4. Numerical results, implementation and discussion

This section introduces the empirical and analytical structure, approximation of parameters, the estimation of option prices, as well as the limitations of the efficiency and no-arbitrage assumptions.

4.1. Empirical Analysis

4.1.1. Data Source

For the cryptocurrency data source, we used the bitcoin historical closing prices on the CoinGecko website based on US dollars, covering five years from August 1, 2016, till July 31, 2021. As of access, the global crypto market capitalization of $2.09 Trillion and the CoinGecko tracks 8,934 cryptocurrencies, with 42.2% dominance for bitcoin. Furthermore, we used the Google trend data to extract the bitcoin sentiment data. The Google trend data provides a scaled time series of the number of times bitcoin has been searched, so the maximum is 100. Figures 1 and 2 describe the dataset for the bitcoin prices and the corresponding sentiment trends, respectively.

4.1.2. Descriptive Statistics

The dataset is sampled on a daily frequency, and the results are plotted in Figure 1. We used the adjusted bitcoin closing prices to estimate the continuously compounded returns. For the logreturn ri at time ti, we used the expression ri = log ( Si/Si−1) , where Si is the bitcoin price at time ti. Since bitcoin is traded daily, we use the daily sample data, giving 365 observations per year, whereas the trend data is sampled weekly. The descriptive statistics of the dataset used in this work are presented in Table 1.

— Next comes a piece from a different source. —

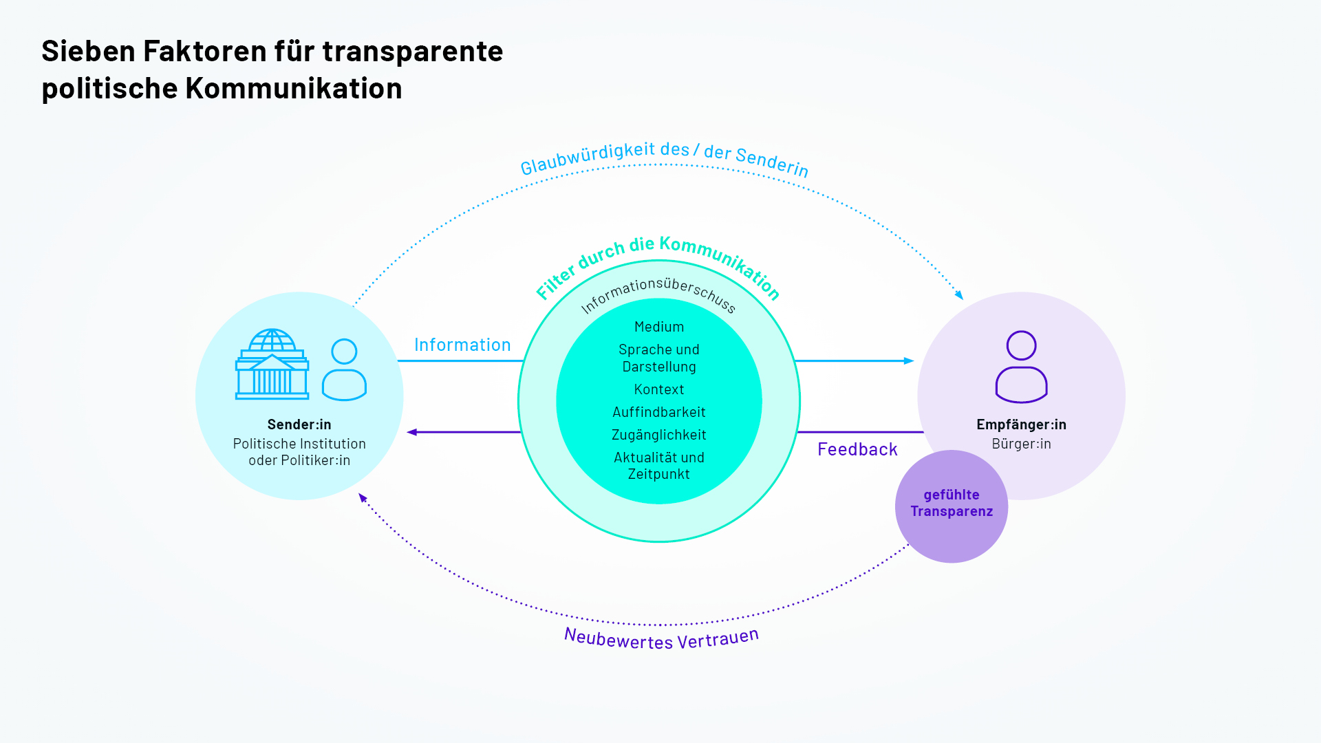 Transparenz beeinflusst Vertrauen positiv und bildet die Grundlage für Meinungsbildung und politische Teilhabe. In dieser Masterthesis haben wir deshalb nach Wegen gesucht, die politische Kommunikation transparenter zu gestalten. Wir konnten sieben Faktoren identifizieren, die dazu beitragen: die Wahl des Mediums, die gewählte Sprache und Darstellung, der Kontext, die Auffindbarkeit und Zugänglichkeit, die Aktualität einer Information und der Zeitpunkt ihrer Veröffentlichung sowie der Einfluss des Informationsüberschusses.

Figure 1: Bitcoin daily closing prices and log returns during 2016-2021

Figure 2: Sentiment data for bitcoin during 2016-2021

Both bitcoin prices and the corresponding log-returns react to big events in the cryptocurrency market. From Figure 1a, a considerable surge in bitcoin prices was observed after March 2017, owing to the widespread interest in cryptocurrencies. This jump was later affected by a series of political interventions leading to a drop in June 2017 [19]. Furthermore, in late 2020 and early 2021, another dramatic increase in the prices was seen due to the increased acquisition by large investors, financial institutions and corporations. These intensive movements in the cryptocurrency markets have been captured extensively by the corresponding bitcoin sentiment data as found in Figure 2a.

Table 1: Descriptive statistics for the log-returns

Table 1 presents the descriptive statistics for the log-returns on the bitcoin closing prices, as well as the sentiment data values. The dual-dataset consists of a sample of 260 weekly sentiment values and 1826 bitcoin daily closing prices. The Skewness/Kurtosis test is one of three common normality tests designed to detect all the deviations from normality and determine the shape of the distribution for the dataset. For a normal distribution, the skewness is zero, and the kurtosis is three. From the table, the log-return for the dataset of the sentiment and the bitcoin closing prices are positively and highly skewed to the right. With the kurtosis of 1.20553 and 10.53706, the two datasets have heavier, longer and fatter tails than the normal distribution, and they can be referred to as leptokurtic.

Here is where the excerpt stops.